Fitting Prices to Flow and Vice-Versa

In all this talk of flow, we seem to have mostly sidestepped money and prices. But money is clearly a crucial piece of the economic puzzle. At the end of the day, everybody needs to get paid. How do we make sure that everyone gets paid when decisions and balancing are performed on the basis of resource flow rather than dollar bills? Moreover, how do we ensure that the flow of money 'conforms' to the flow-based model? The problem is harder than it may at first sound, because it involves bridging the gap between rates and instantaneous events.

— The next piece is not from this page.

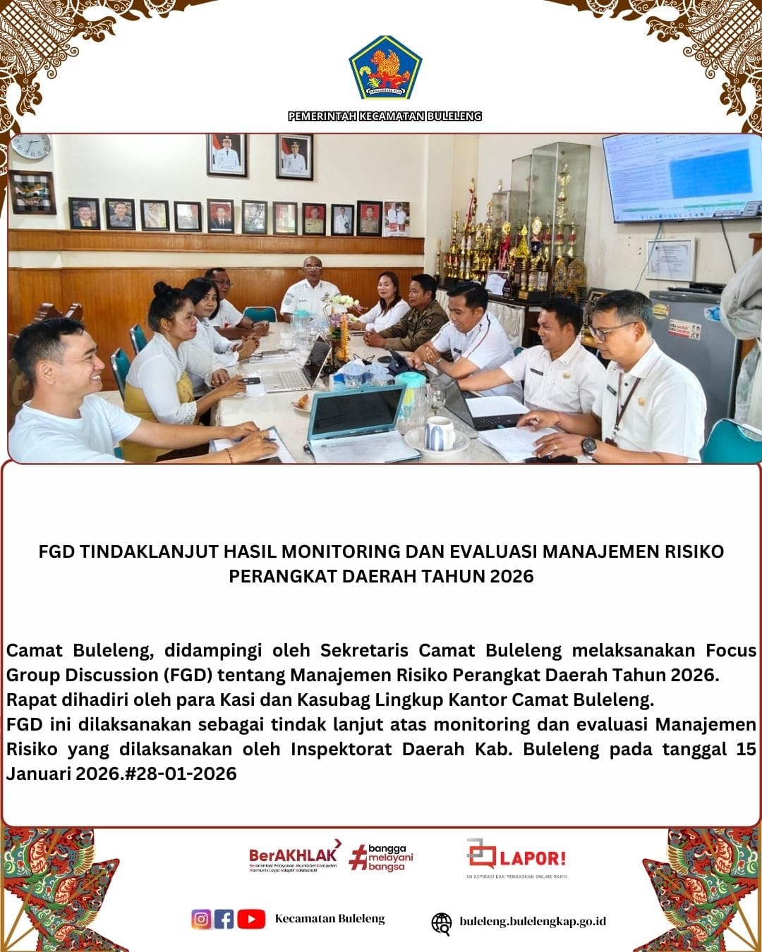 Rabu, 28 Januari 2026, Camat Buleleng Putu Gopi Suparnaca, S.Sos, didampingi Sekretaris Camat Buleleng Ni Putu Sri Sundariani, S.STP., M.E, melaksanakan Focus Group Discussion (FGD) Manajemen Risiko Perangkat Daerah Tahun 2026 yang bertempat di Ruang Kerja Camat Buleleng.

Let's think about the initial decision to create a water trader for linking the ice refinery to the nuclear reactor (from our above scenario). Obviously it's a good decision that needs to happen in order for our economy to work. In flow terms, water flow at the refinery goes from +100 to +90, and at the reactor from -10 to 0. At both endpoints, flow is pushed toward 0 (a net flow of 0 is the ultimate goal), so the decision is a win-win. It's important to recognize the monetary implication here: water can be bought at the refinery for a lower price than the reactor will pay for it. Otherwise, the decision isn't profitable (which contradicts both common sense and our flow data). Evidently, resource flow shapes prices. Moreover, it is obvious from this thought experiment that pricing must be proportional to resource flow in order for price-based decisions and flow-based decisions to be equivalent. To be even more precise, since flow is a rate but prices are instantaneous, what this actually means is that average price must be proportional to resource flow. Price fluctuations that balance one another out are permissible.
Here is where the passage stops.